Without fear of being dispossessed, or even harassed, to use a buzzword since late 2017 that could apply to digital technology. How many times each day do we receive information we never requested, supposedly because we subscribed to something we were unaware of even existed? Today, we have to unsubscribe even though we were never subscribed. If the GDPR is applied correctly, this will no longer be necessary: sending a newsletter is now prohibited if the recipient has not expressly consented.

This newfound respect is a good thing. Economic exchanges are never as fruitful as when the different parties feel confident in each other.

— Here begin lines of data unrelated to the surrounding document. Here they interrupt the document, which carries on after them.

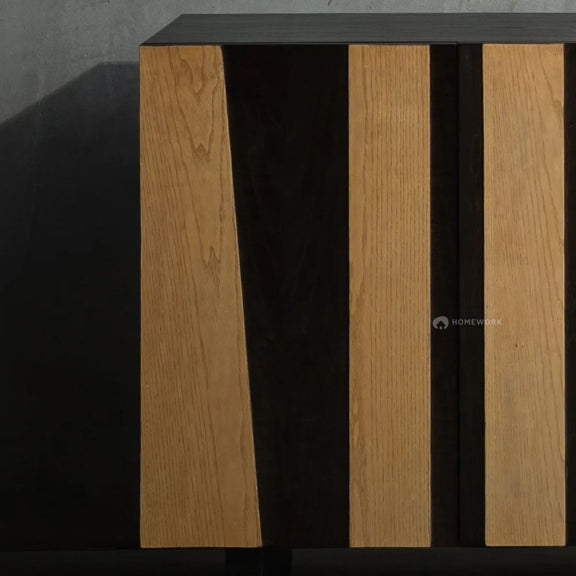 Elevate your interior with the Edita Console, a statement piece that masterfully blends geometric precision with organic warmth. Crafted from premium Ash wood and Ash veneer, the Edita is defined by its rhythmic interplay of light and dark tones. The striking vertical stripes create a dynamic visual texture, transforming a functional storage unit into a work of modern art.
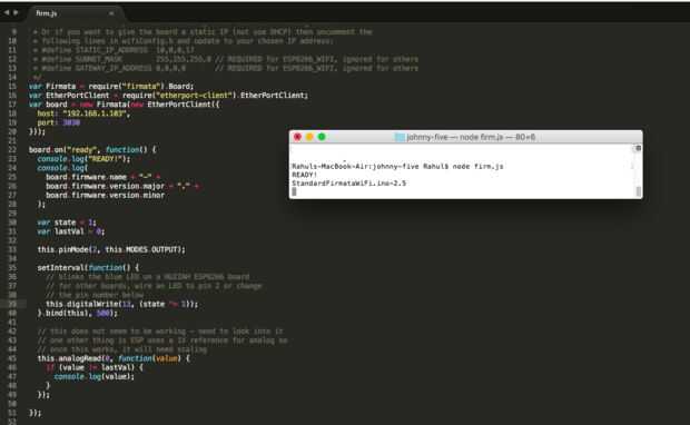 Así que ahora después de centellear su ESP8266 junta con el firmware StandardFirmataWifi y podemos ejecutar el script de Johnny cinco básico.
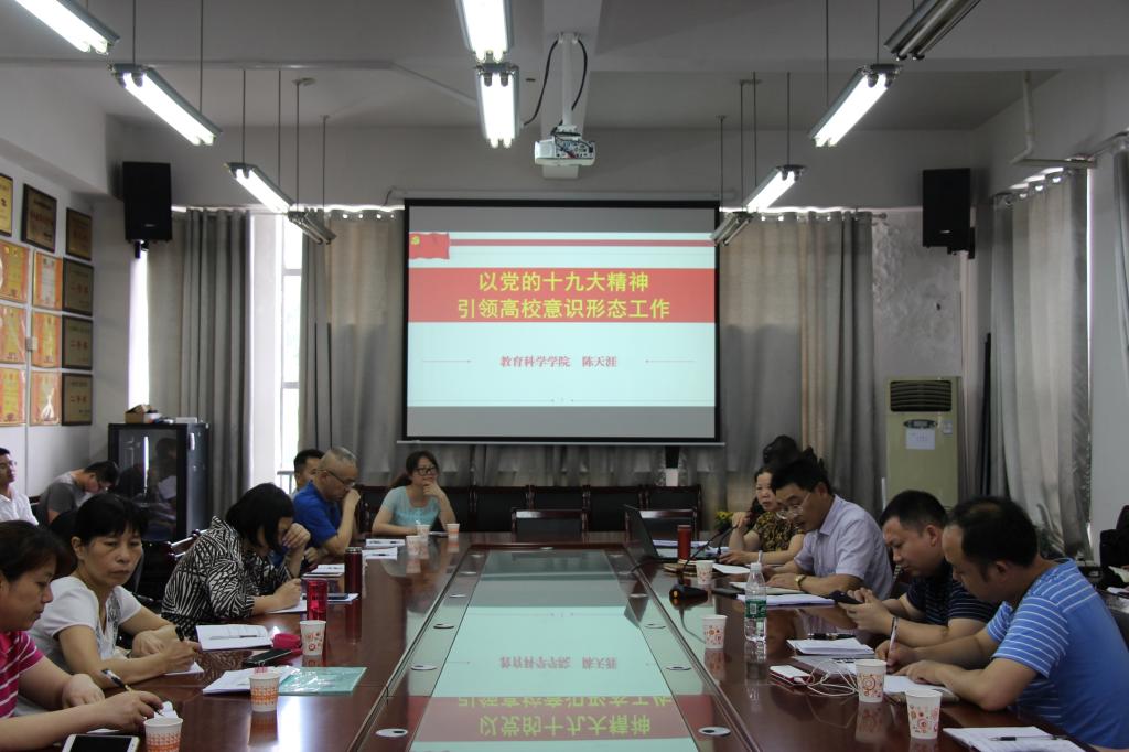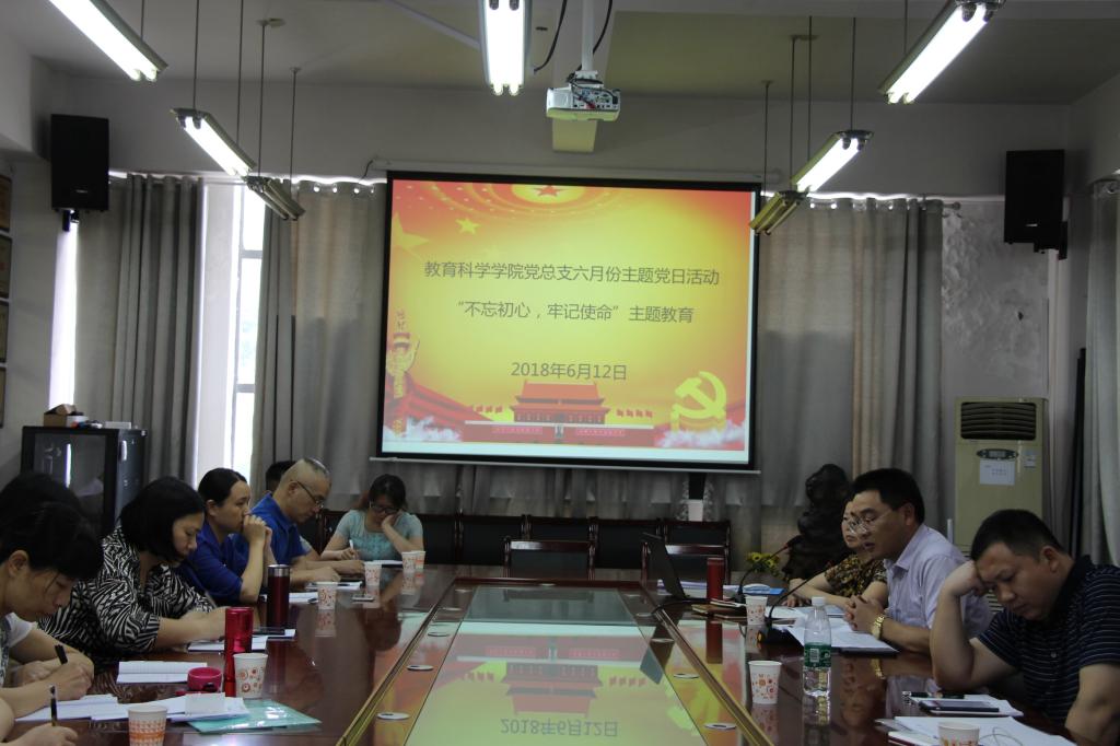 6月12日下午,教育科学学院党总支六月份主题党日活动“不忘初心、牢记使命”主题教育讲座于特立楼A栋会议室成功开展。教育科学学院党总支书记陈天涯、副书记张俭明及全院教师党员、学生党员参加了此次讲座。
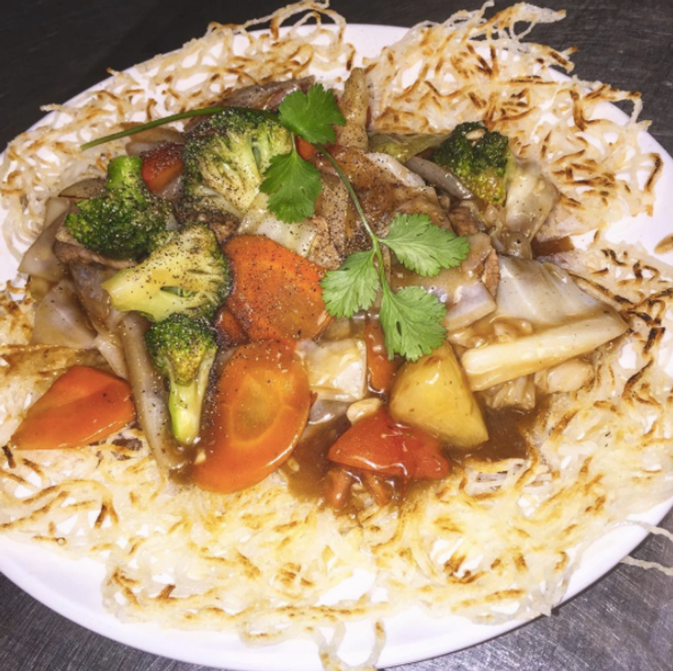What to get: Don't get too overwhelmed by all of the menu options! For an appetizer, get the Goi Ga. This Vietnamese salad consists of thinly sliced cabbage, cilantro, onion, roasted peanuts, and fried shallots and is topped with the most delicious nuoc mam dressing. Take advantage of the wide-ranging menu options and get the Pho Ap Chao as an entree- stir fried beef and veggies are seasoned to perfection and served over pan fried rice noodles.
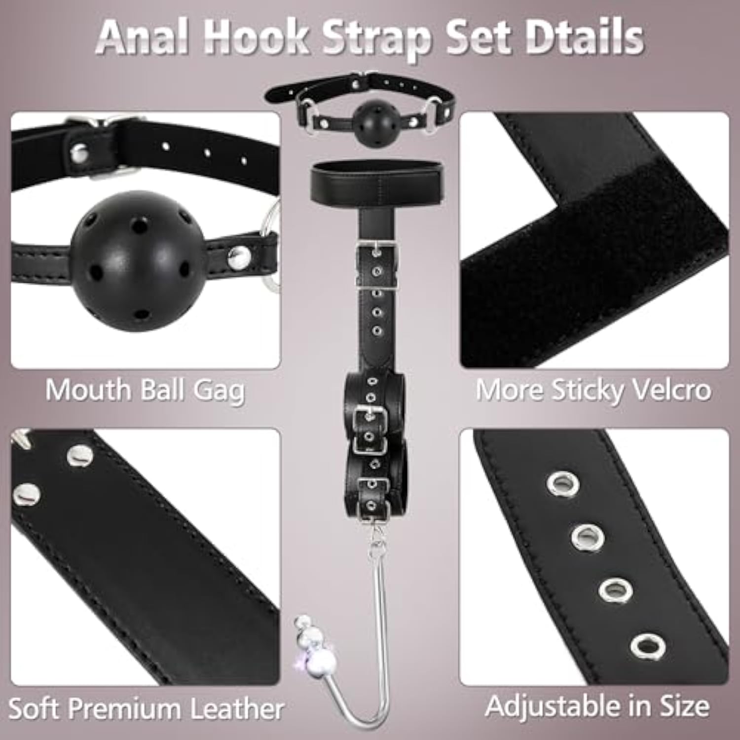 | Slave Love Sex Bondage Set -For Intense Bdsm Exploration And Advanced Predicament Play,These Sm Collar With Cuffs Combo Neck To Wrist Restraints Kit, Vibrating Anal Hook And Mouth Ball Gag. Restrict Your Plaything'S Mobility In A Unique And Attractive Bondage Device That Will Make Them Look And Feel Irresistibly Helpless! Ensures Your Sub Maintains Perfect Posture While Enjoying Profound Anal Or Vaginal Pleasure | | Vibrating Anal Hook -Perfect For Pleasure Or Punishment, The Firm Ball And Curved 15” J Shape Combine To Make Precise G-Spot Or P-Spot Massage A Cinch. Insert Anally Or Vaginally Twist And Turn On The Hook ,Let The 9 Different Kinds Of Vibrating Anal Ball Intense Orgasmic Sensations | | Soft And Comfortable - The Leather Bondage Collar Is Made Of High-Quality Imitation Leather, Which Is Very Soft, Comfortable, Wear-Resistant And Durablefor Long-Term Use With Many Repeats! The Smooth Texture Stainless Steel Anal Hook To Provide Anal Stimulating And Multiple Orgasms | | Adjustable For More Fun - All Accessories Of The Bdsm Kit Can Be Used Together Or Separately.Both The Handcuffs And Restraint Straps Are Adjustable, You Can Adjust It To Your Suitable Size,The Collar And Handcuff Bondage Straps Can Be Use Of Cosplay, Bondage And Discipline, Dominance And Submission. The Anal Ball Will Provide Anal Stimulating And Multiple Orgasms To The Slave | | Breathable Ball Gag Includeed - You Deserve Respect. Your Submissive Deserves Proper Care. Our Premium Garment Leather Ball Gag Will Bring You All Of The Respect That You Deserve From Appreciative Submissives Bound In The Finest Materials | |
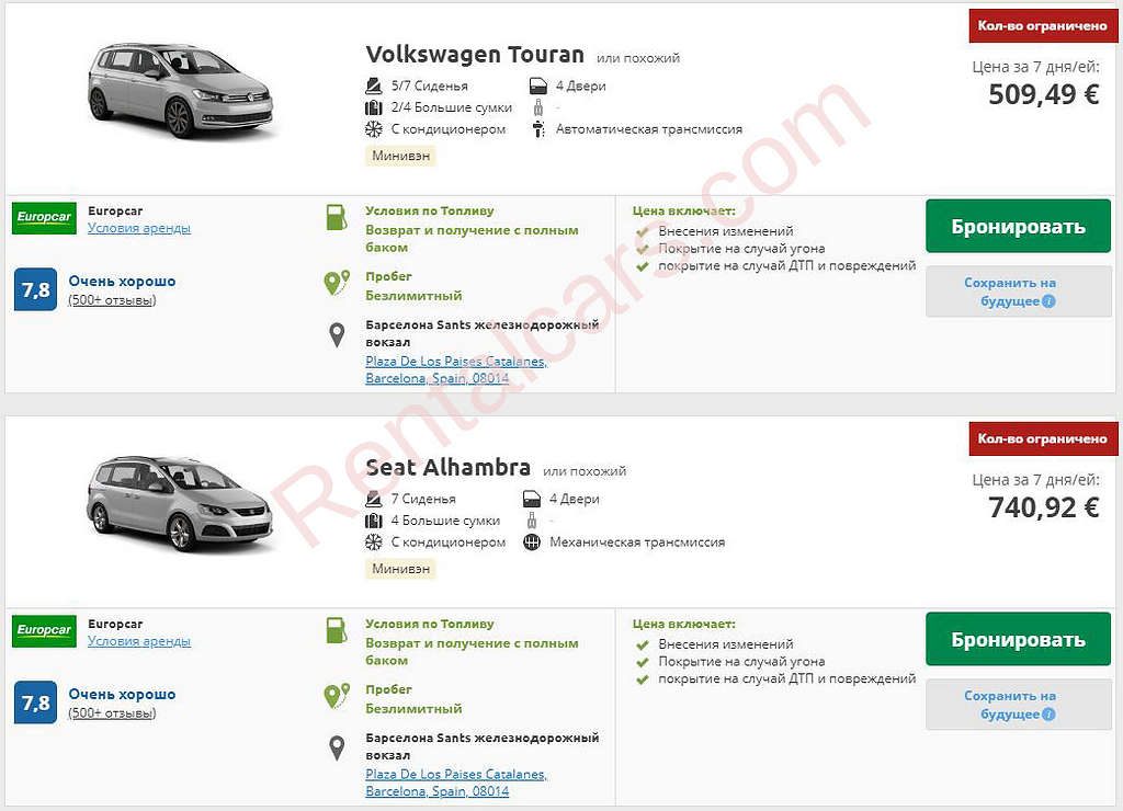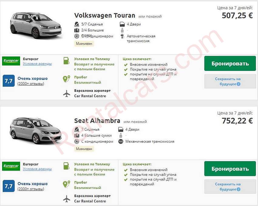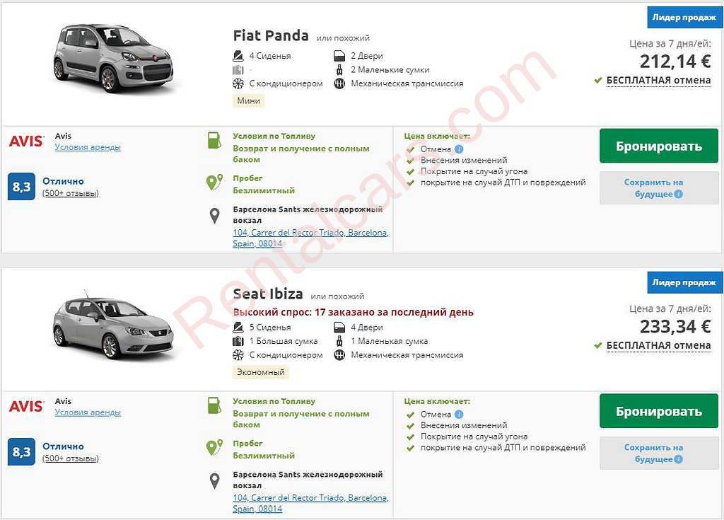 Для сравнения возьмем популярные классы автомобилей – мини, экономного, минивэны и предложения прокатных фирм Avis и Europcar. Срок аренды – 7 дней. Точки выдачи – аэропорт Эль-Прат и железнодорожный вокзал Барселона Сантс, куда можно доехать без пересадки на электричке или метро.
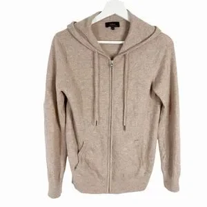 Quince Mongolian Cashmere Full-Zip Hoodie Sweater Small Women's Oatmeal
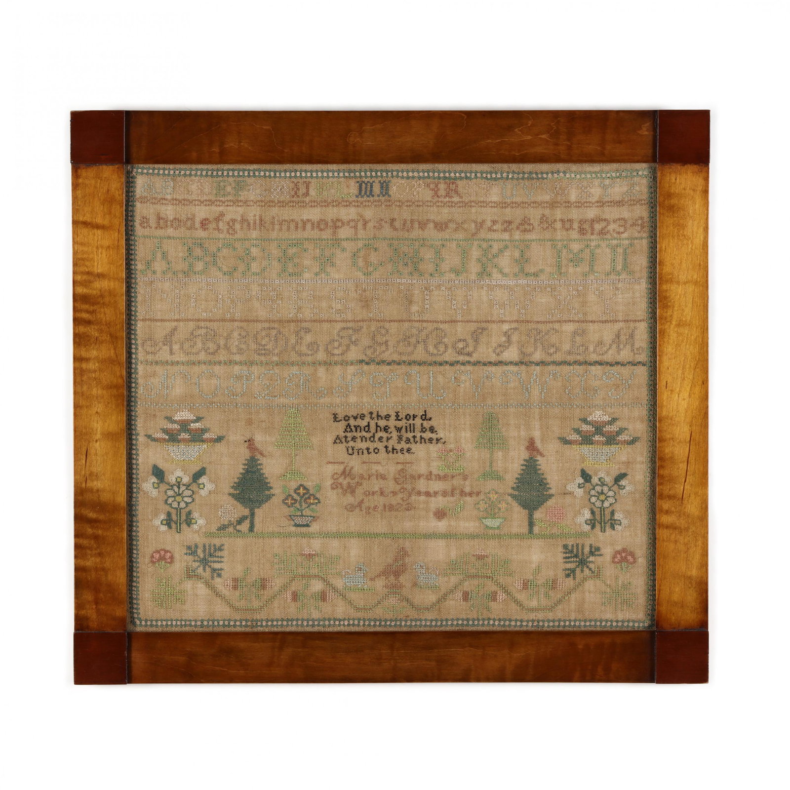 Maria Gardner's Framed Needlework Sampler, 1823
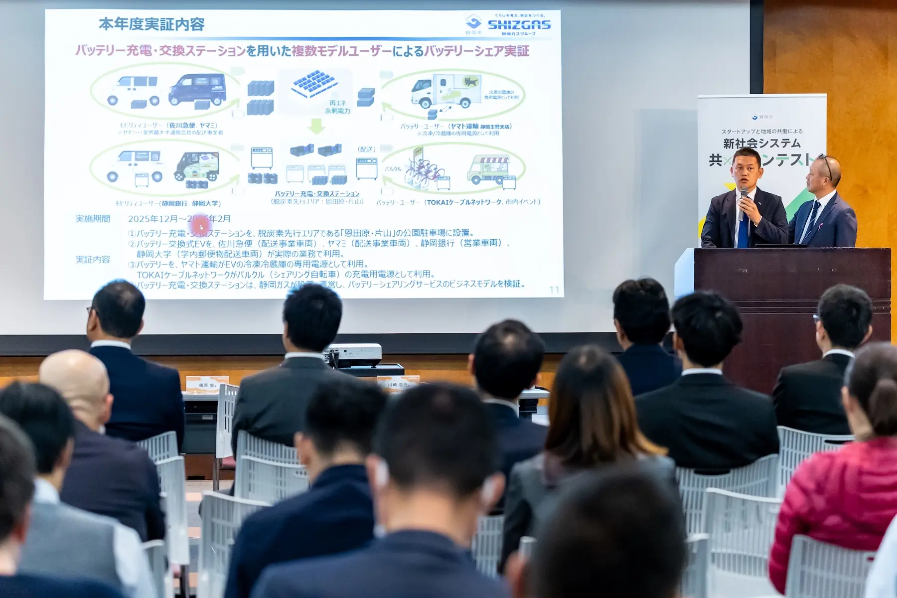今回の実証実験には、当初の実証メンバー4社から、実際のユーザーとなる6団体が加わり、合計10社で取組を実施していく。2025年12月から2026年2月にかけ、静岡市内の脱炭素先行地域に「バッテリー充電交換ステーション」を設置し、実証実験を行う。
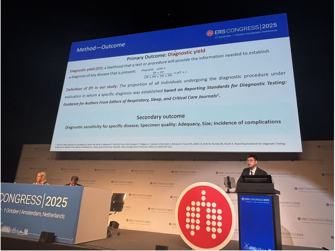 在9月28日9:30(阿姆斯特丹时间)举行的 Future bronchoscopic interventions学术版块中,郑子文博士研究生代表团队作了题为 “Endobronchial ultrasound-guided transbronchial mediastinal cryobiopsy via a tunnel for diagnosing non-metastatic lymphadenopathy: a multicenter randomized controlled trial” 的口头发言。
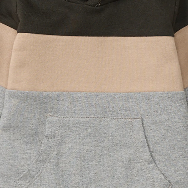 * Color blocked hooded long sleeve jumpsuit * Super soft cotton * Hooded colorblocked jumpsuit * Kangaroo pocket * Ribbed cuffs at arms and legs * 100% Organic Cotton
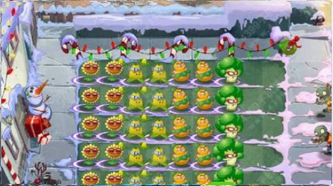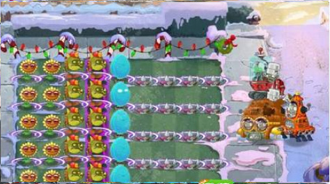 新植物与新敌人是PopCap在本作宣传中占据很大比重的一个部分,而在实际游戏中,这两个新要素确实带给了玩家完全不同与前作的感受。游戏前期能够使用的植物,除了土豆、豌豆射手和向日葵这些经典的老伙计外,大部分植物都是全新的——能攻击一条直线上最多3个目标的回旋镖射手、喜欢近身肉搏的卷心菜、不需要任何阳光就能冻僵一个僵尸的冰冻生菜、甚至还有能使用雷电攻击的闪电芦苇……这些全新植物不仅在攻击方式上和老一辈大相庭径,玩家利用它们采取的战术也有所不同。例如卷心菜这个植物的攻击频率高但攻击范围仅有一格,适合用来破坏墓碑,甚至是和坚果相互合作在前线大闹一番。
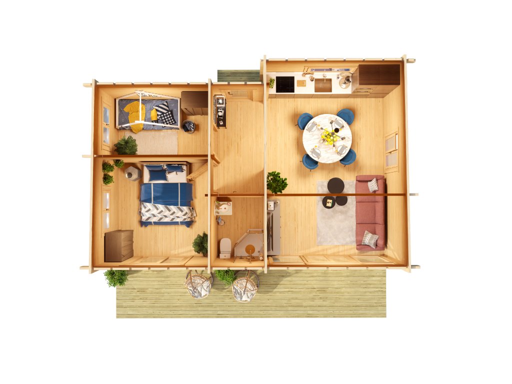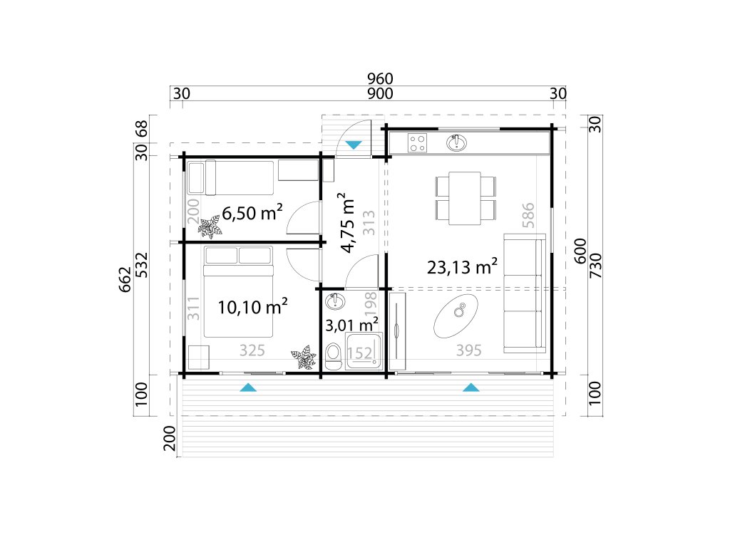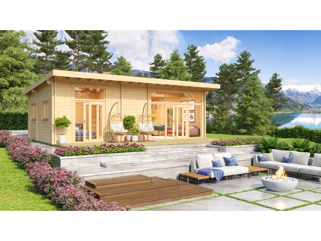 Dřevěný zahradní domek Östersund 70, 4 místností, 900 x 600 cm, 70 mm
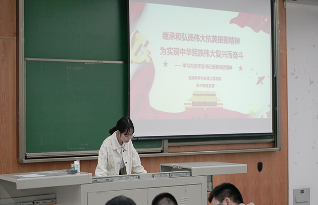 本20级党支部在X4352教室开展了“知党史,跟党走”主题党日活动暨“继承和弘扬伟大抗美援朝精神”主题教育。活动由郑文娇同志主持,本20级辅导员徐惟微及本支部入党积极分子参与。
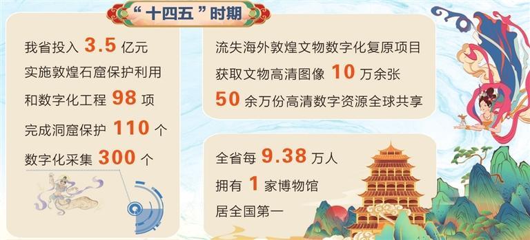在文物保護(hù)提質(zhì)升級(jí)方面,我省投入3.5億元,實(shí)施敦煌石窟保護(hù)利用和數(shù)字化工程98項(xiàng),完成洞窟保護(hù)110個(gè)、數(shù)字化采集300個(gè),建成全球首個(gè)文物保護(hù)多場(chǎng)耦合實(shí)驗(yàn)室,制定國(guó)家和行業(yè)標(biāo)準(zhǔn)27項(xiàng),科研成果服務(wù)16省市及部分共建“一帶一路”國(guó)家;流失海外敦煌文物數(shù)字化復(fù)原項(xiàng)目獲取文物高清圖像10萬(wàn)余張,50余萬(wàn)份高清數(shù)字資源全球共享;第四次全國(guó)文物普查新發(fā)現(xiàn)線索4659條,投入24.26億元實(shí)施900余項(xiàng)重要文保項(xiàng)目;打造河西走廊國(guó)家遺產(chǎn)線路,創(chuàng)建嘉峪關(guān)長(zhǎng)城國(guó)家文物保護(hù)利用示范區(qū),全省文物系統(tǒng)性保護(hù)成效顯著,“中國(guó)特色?敦煌經(jīng)驗(yàn)”國(guó)際影響力持續(xù)提升。
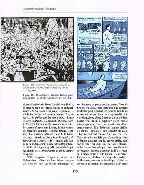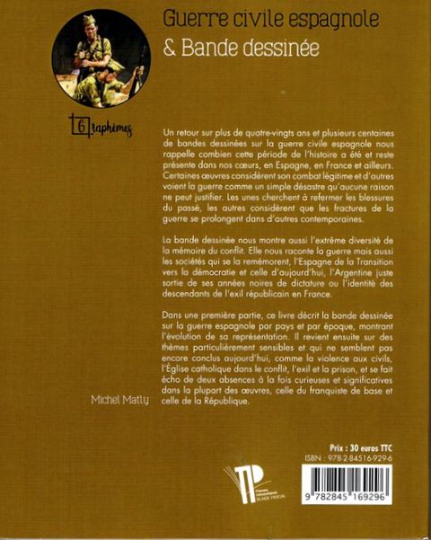 Un retour sur plus de quatre-vingts ans et plusieurs centaines de bandes dessinées sur la guerre civile espagnole nous rappelle combien cette période de l'histoire a été et est restée présente dans nos coeurs, en Espagne, en France et ailleurs. Certaines oeuvres considèrent son combat légitime et d'autres voient la guerre comme un simple désastre qu'aucune raison ne peut justifier. Les unes cherchent à refermer les blessures du passé, les autres considèrent que les fractures de la guerre se prolongent dans d'autres contemporaines. La bande dessinée nous montre aussi l'extrême diversité de la mémoire du conflit. Elle nous raconte la guerre mais aussi les sociétés qui se la remémorent, l'Espagne de la Transition vers la démocratie et celle d'aujourd'hui, l'Argentine juste sortie de ses années noires de dictature ou l'identité des descendants de l'exil républicain en France. Dans une première partie, ce livre décrit la bande dessinée sur la guerre espagnole par pays et par époque, montrant l'évolution de sa représentation. Il revient ensuite sur des thèmes particulièrement sensibles et qui ne semblent pas encore conclus aujourd'hui, comme la violence aux civils, l'Eglise catholique dans le conflit, l'exil et la prison, et se fait écho de deux absences à la fois curieuses et significatives dans la plupart des oeuvres, celle du franquiste de base et celle de la République.

These fluid exchanges are clearly encouraged: “In order to ensure a consistent level of protection of natural persons throughout the Union, and to avoid divergences hindering the free flow of personal data within the internal market, a regulation is necessary to provide legal certainty and transparency for economic operators, including micro, small and medium-sized enterprises, to provide natural persons in all Member States with the same level of enforceable rights and obligations and responsibilities for controllers and processors, and to ensure consistent supervision of the processing of personal data, and equivalent penalties in all Member States, as well as effective cooperation between supervisory authorities of different Member States. For the internal market to function properly, it is necessary that the free flow of personal data within the Union is neither restricted nor prohibited on grounds relating to the protection of natural persons with regard to the processing of personal data” (13)^e considering).

As we can see, data protection should not be a hindrance, but rather an asset "for the internal market to function properly." Article 1 of the GDPR incorporates this combination of the two objectives. Let us simply quote the first paragraph: "This Regulation lays down rules on the protection of natural persons with regard to the processing of personal data and rules on the free movement of such data." Protection and free movement, the two foundations of the European Union, could not have been stated more explicitly.  

The following recitals sometimes announce word for word the articles to come, except that they are most often written in the conditional, to show the wish, the intention, while the articles are in the indicative, meaning that they are legally binding.

The philosophy of the text having been established, let us now observe its principal provisions.